Journal of International Cooperation
- Discipline: Multidisciplinary
- Language: English
- Edited by: Pai-Po Lee

Publication details
- History: 2006–present
- Publisher: Taiwan International Cooperation Alliance (Taiwan)
- Frequency: biannual
- Open access: Yes, free registration

Standard abbreviations
- ISO 4: J. Int. Coop.

Indexing
- ISSN: 1992-1497 (print) 1992-1497 (web)
- OCLC no.: 858451958

Links
- Journal homepage; Online archive; Online free registraation;

= Journal of International Cooperation =

The Journal of International Cooperation (JIC), is an open access peer-reviewed scientific journal published biannually by the Taiwan International Cooperation Alliance (TICA), and sponsored by the International Cooperation and Development Fund (Taiwan ICDF).

==Scope==
The journal is focused on research areas with relevance on international cooperation such as agriculture and fishery, business and management, engineering and science, public health and medicine.

==History==
The journal started in 2006, and since then have continuously published two issue every year.
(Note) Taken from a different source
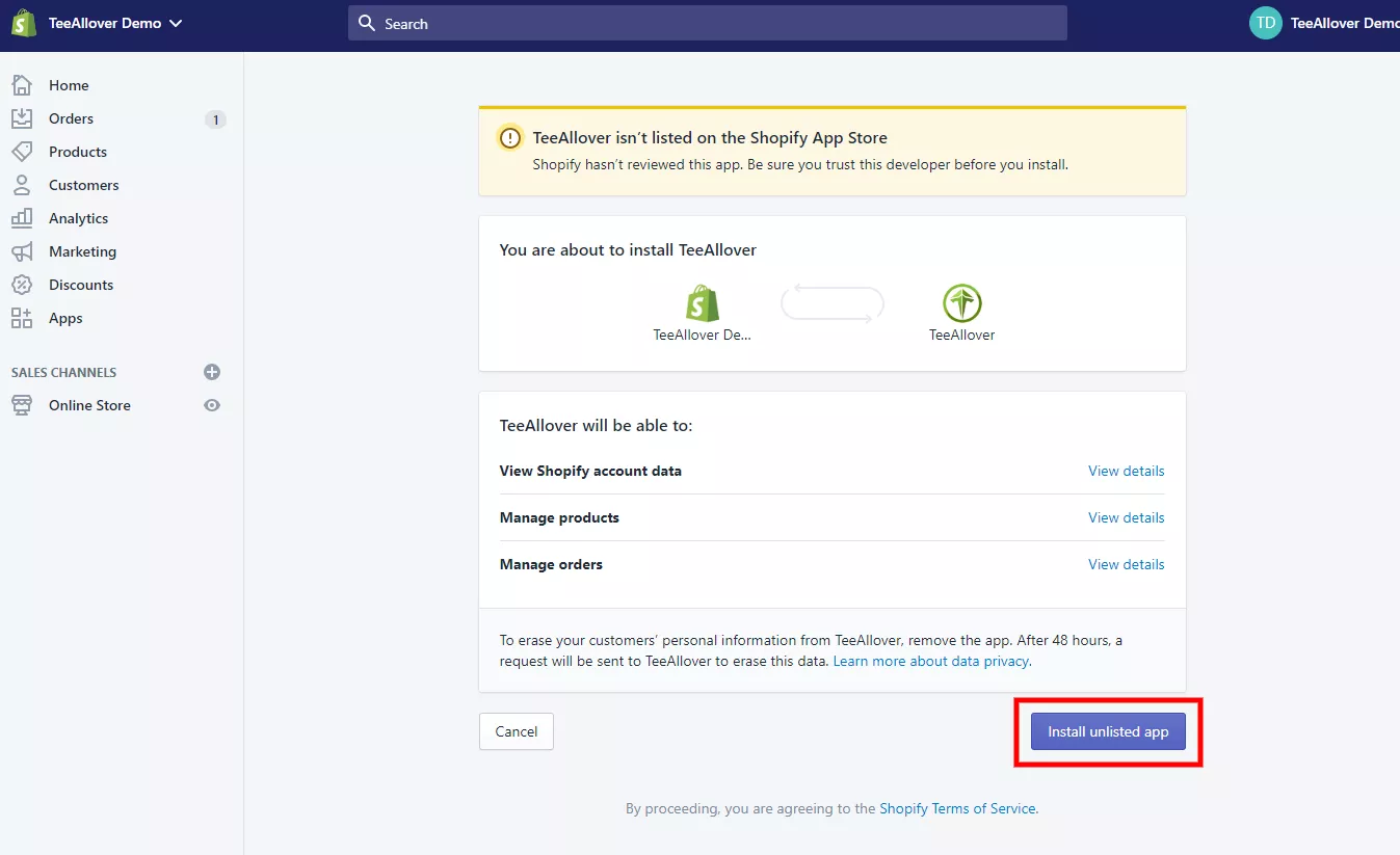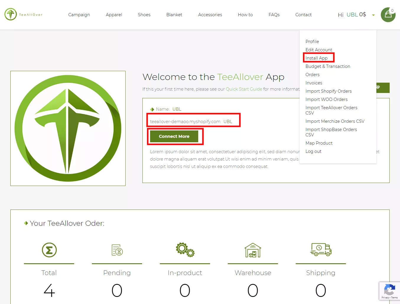 Sau khi kết nối thành công bạn sẽ nhìn thấy TeeAllover App ở trong mục Apps của Shopify.

In 2011, Ming Chuan University and Taiwan ICDF started an annual International Student Paper Competition in which finalist papers are submitted to the JIC journal.

==Affiliations==
Published by the Taiwan International Cooperation Alliance (TICA), which integrates eighteen leading Taiwanese universities holding English-taught international programs including National Taiwan University, National Central University, National Chung-Hsing University, National Tsing-Hua University, and others, the JIC is based in the Department of Tropical Agriculture and International Cooperation of the National Pingtung University of Science and Technology, Taiwan.